Thank you, Michael! I love the internet. It still amazes me that you can find something like that so quickly! I was momentarily thrown off by the irony of the situation and it was only 16 years ago, not 20. Yes, I was referring to the change in the money demos from 25-49 to 25-54. Was a reason given for the change? It can't be that they were looking forward to a time that it would increase baby boomers' viability, can it?
Let me see if I can explain this clearly.
The demos (12-17, 18-34, 18-44, 18-49, 25-34, 25-44, 25-49, 25-54, 35-44, 35-49, 35-54, 35-64 and 55+) had all been there. Through the 60s and into the 70s, 18-49 was generally accepted to be the big money demo in both radio and TV, but there was also advertiser demand in the 60s for teen numbers and 18-34 was hot (among some buyers) for decades.
It's just that 18-49 was considered a "mass audience' and demos on either side of that were considered less so. There were fewer dollars being allocated to reach those audiences. But, especially in saturated markets, filing a niche demo could result in profitable ad sales.
25-49 was a subset of 18-49. It was not a core demo in the way 18-49 was or that 25-54 became. I mentioned it only because it was strategically good for the first AC station that I programmed that wanted something a bit older than 18-49 and a bit younger than 25-54 and I outlined the reasoning for that in my post.
Again (and I may not have said this well before), it really can't be called a "change" and there wasn't "an announcement". It was just a case of ad agencies finding that more clients were willing to increase spending on 25-54, making it a more profitable proposition for stations delivering that demographic. And, over time, once the entire Baby Boom was 25 and older (1989), that demo held within it a massive population bulge.

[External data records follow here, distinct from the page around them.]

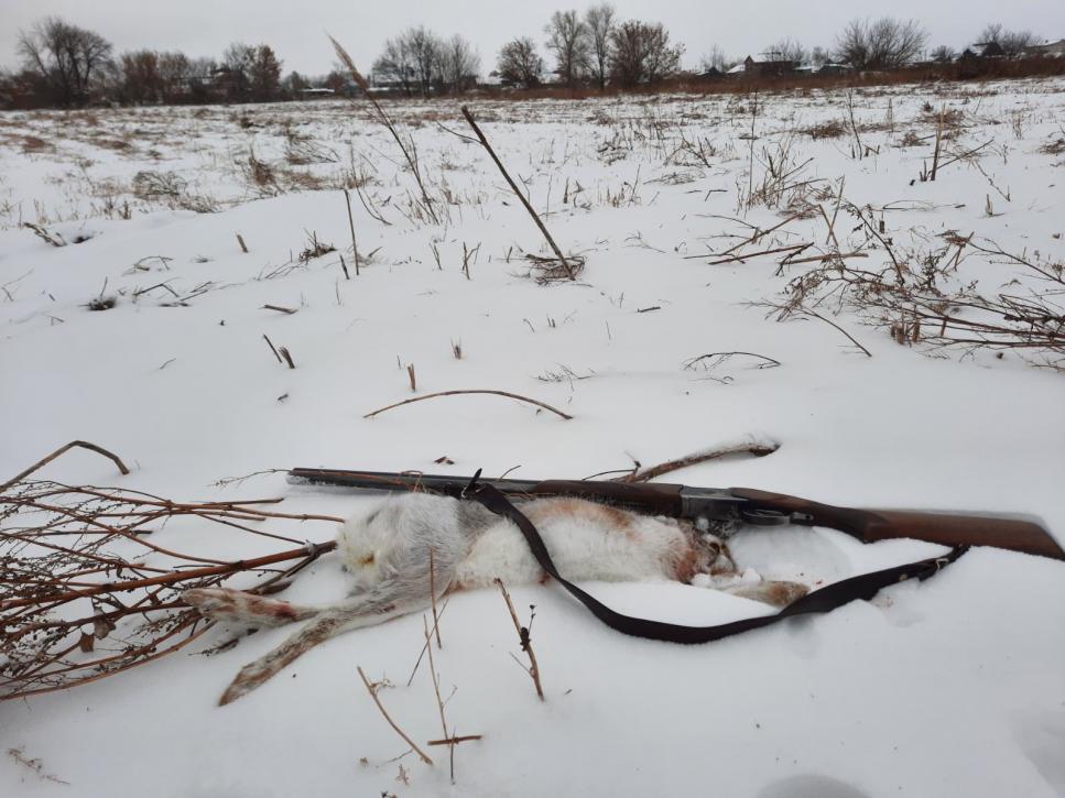 Это была трудовая охота! Снег посыпал нашу "ковидную" землю два дня подряд лёгким снежком. В одном месте не истово зудело. Внутренний голос говорил пора Вася твой выход... ружья поскрипывали и вздыхали на кануне, лязгали о стенки сейфа как кони стуча копытами, когда мои руки тянулись не к ним, а карабину. И вот долгожданная пороша, ветра с утра нет, тишина немного мело, но это пустяк. Чуйка говорила зайцы будут бегать под утро след будет свеж и печать его четка. Выйдя за околицу понял пороша была до утра, но лисий след чуть присыпаный выдавал что утренний 5 часовой обход гусятника ее попадал на завершающую фазу жировки зайца, и след если и попадется, то точно ведущий на лежку. Все мои думы по этому поводу незаметно привели меня к равномерной строчке заячьего следа которая шла по луговине по следу трактора. Скидка была рядом, прыжок в лево и сдвойка прыжок в право петля метров 60 и скидка в плотно заросшие кусты лебеды, крапивы и амброзии. Подойдя к талой лежке. Было понятно, что дело иметь придется с профессором, который уже не раз обводил меня как щенка в прошлом году. Так как заяц встал от шума или от подозрения об опасности, меня он не видел судя по всему. Он пробежал по дороге метров 150 на развилке с дрифтом заднего моста вписался в поворот на дорогу идущую в право и ровной строчкой повел меня в перед. Заяц сделал петлю метров пятьдесят, прыгнул в лево, ещё петля, прыжок в право...по топтался на куче строительного мусора и залёг на самой его вершине там как часовой он видел мой подход метров за 100. Он как опытный инструктор по фитнесу стал уводить меня в мелкие овражки отвалы земли наматывая километры и заставляя меня прощаться с лишними килограммами. Два раза я его поднимал, но местность скрывала его не мог даже увидеть его из далека. Опыт мне подсказывал брось его иди домой придешь после обеда...он местный ни куда не уйдет. Так и случилось после обеда я полон сил начал повторную "атаку" обрезав путь предполагаемого хода зайца после крайнего подъёма, я угодил на наш с ним утренний след, чуть приметный но читаемый. Новый след заходил в общую тропу собачьих следов и там потерялся пока распутывал. Я вышел на перекресток где утром он дрифтил и следа нового небыло. Значит где-то скинулся или ушел назад и в общей массе следов я его потерял... Пройдя на место захода данного следа я лишь увидел что профессор убежал, он лежал не подалеку с права и наблюдал когда я скроюсь и дал деру в сторону утренней первой лежки... -Ну погоди мы ещё встретимся, подумал я, и двинул на поиски другого зайца внутренне чутьё подсказывало ищи да обрящишь. Перейдя буэраки с высокой травой я пошел по паханому полю, которое укрывало белое ноябрьское одеяло. Выйдя на дорогу потопал край поля, то с права то с лево неожиданно для меня вылетали стаи куропаток, а я шел в перед. День клонился к концу в запасе оставалось не более часа времени. Пройдя по дороге километра 2 и не встретив свежего следа я свернул в сторону другого парового поля и выйдя на него не обнаружил даже лисьих следов. В переди был заросший пыреем луг по заброшенной дороге я протопал по сырому снегу километров 3. И вот выход приметеный зайца... Но след идёт сплошной будто кормежечьный но шел он в строчку с малыми скидками ответвляясь и продолжая идти петлями и скидываясь в сторону. Найти скидку в таком плотном следу не представ
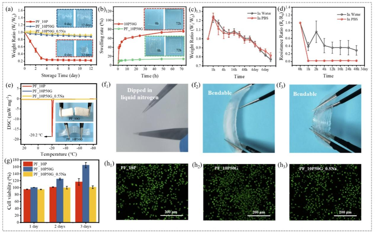 如图5所示,所制备的水凝胶表现出较强的环境适应性:即优异的抗溶胀性能、保水能力、防冻性能及生物相容性。
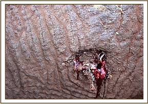 The carcass was lying on the right flank with no injuries on the left exposed side. However, ventral oedema was seen on the lower abdomen and the carcass was in poor condition. The carcass was rolled over to expose the right flank and there was a penetrating wound to the right chest area with pus oozing out. The penetrating chest wound went deep into the right lung area with massive suppurative inflammation of the right lung. An arrow head was recovered among the dead pulmonary tissues. Cause of death was by arrow shot with accompanying infection.
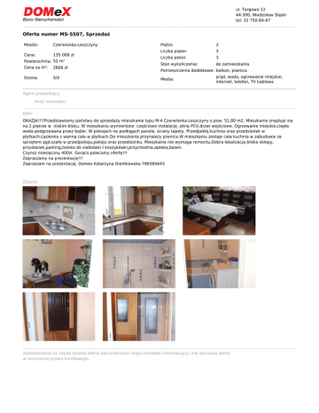 ul. Targowa 12 44-300, Wodzisław Śląski tel. 32 750-84-67 Oferta numer MS-5507, Sprzedaż Miasto: Cena: Czerwionka-Leszczyny 135 000 zł Powierzchnia: 52 m2 Cena za m2: 2606 zł Ocena: 5/5 Piętro: 2 Liczba pięter: 3 Liczba pokoi: 3 Stan wykończenia: do zamieszkania Pomieszczenia dodatkowe: balkon, piwnica Media: prąd, woda, ogrzewanie miejskie, internet, telefon, TV kablowa Agent prowadzący: Imię i nazwisko: Opis: OKAZJA!!!!Przedstawiamy państwu do sprzedaży mieszkanie typu M-4 Czerwionka-Leszczyny o pow. 51,80 m2. Mieszkanie znajduje się na 2 piętrze w niskim bloku. W mieszkaniu wymieniono częściowo instalację ,okna PCV,drzwi wejściowe. Ogrzewanie miejskie,ciepła woda podgrzewana przez bojler. W pokojach na podłogach panele, ściany tapety. Przedpokój,kuchnia oraz przedsionek w płytkach.Łazienka z wanną cała w płytkach.Do mieszkania przynależy piwnica.W mieszkaniu zostaje cała kuchnia w zabudowie ze sprzętem agd,szafa w przedpokoju,pokoju oraz przedsionku. Mieszkanie nie wymaga remontu.Dobra lokalizacja blisko sklepy, przystanek,parking,boisko do siatkówki I koszykówki,przychodnia,apteka,basen. Czynsz miesięczny 400zł. Gorąco polecamy ofertę!!! Zapraszamy na prezentację!!! Zapraszam na prezentację. Domex Katarzyna Gientkowska 788365643 Zdjęcia: Zamieszczone na naszej stronie oferty nieruchomości mają charakter informacyjny i nie stanowią oferty w rozumieniu prawa handlowego.

As to your last question, it's a demographer's job to think about people aging and where significant percentages of population will be in five, ten, twenty or more years, so yes, of course that was part of the equation.
Ad agencies in 1978 had more clients willing to spend more money on stations that did well 25-54 than they did a decade earlier. In 1969, 25-54 was people born between 1914 and 1943. In 1978, it was people born between 1924 and 1953. The big difference? There were no Boomers, the largest generation in history at that time, in the 25-54 demo in 1969. There was seven years' worth in 1979, bringing with them sheer numbers, and a larger percentage of college degrees, which tended to translate to higher earning and spending power.
And that only increased as long as the oldest boomers were 54 or under (the year 2000). But---for B/EZ, it only went so far. The format didn't attract Boomers, so its audience, largely in its 50s and older, aged out rapidly. They made money because, especially in the mid-late 70s, they tended to be #1, #2 or #3 in the demo. And agencies then were more prone to blindly buy the demo, rather than ask if the people they wanted, who happened to be in that demo, were listening to that station. That changed over time.